Problem to work on :: Print the listing below verbatim, passing over each picture.

Material provided ::
[Start of Attachment]

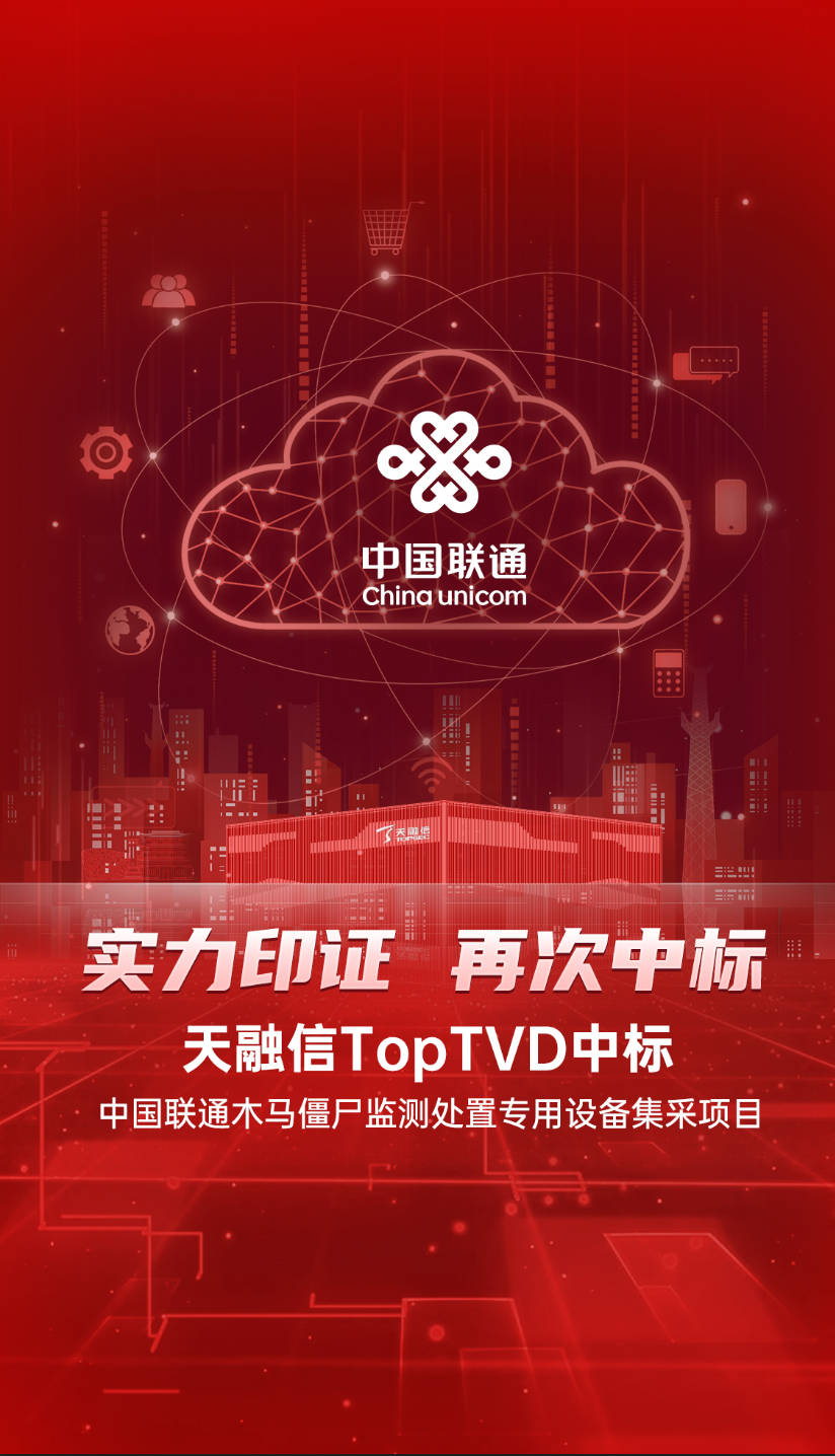 近日,中国联通对外公布了2022年中国联通木马僵尸监测处置专用设备集中采购项目的中标结果,天融信僵尸网络木马和蠕虫监测与处置系统(简称TopTVD)成功中标。
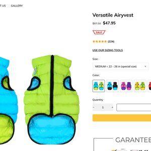 NEW! TAGS ON! NWT AiryVest Reversible Lightweight Dog Jacket - Blue/Green M40
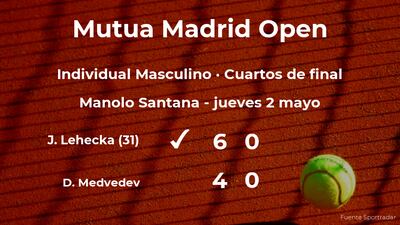 Jirí Lehecka, checo, número 31 de la ATP y cabeza de serie número 30, venció en los cuartos de final del torneo de Madrid por 6-4 y 0-0 al tenista ruso Daniil Medvedev y cabeza de serie número 3. Tras este resultado, el checo consigue el puesto para la siguiente fase del torneo de Madrid.
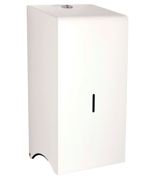 Fitted with a slim line lock, this dispenser enables the storage of two corematic toilet paper rolls. As the first roll is used up, the core splits allowing the second roll to fall effortlessly into place.

[End of Attachment]

Result of this task ::
 近日,中国联通对外公布了2022年中国联通木马僵尸监测处置专用设备集中采购项目的中标结果,天融信僵尸网络木马和蠕虫监测与处置系统(简称TopTVD)成功中标。
 NEW! TAGS ON! NWT AiryVest Reversible Lightweight Dog Jacket - Blue/Green M40
 Jirí Lehecka, checo, número 31 de la ATP y cabeza de serie número 30, venció en los cuartos de final del torneo de Madrid por 6-4 y 0-0 al tenista ruso Daniil Medvedev y cabeza de serie número 3. Tras este resultado, el checo consigue el puesto para la siguiente fase del torneo de Madrid.
 Fitted with a slim line lock, this dispenser enables the storage of two corematic toilet paper rolls. As the first roll is used up, the core splits allowing the second roll to fall effortlessly into place.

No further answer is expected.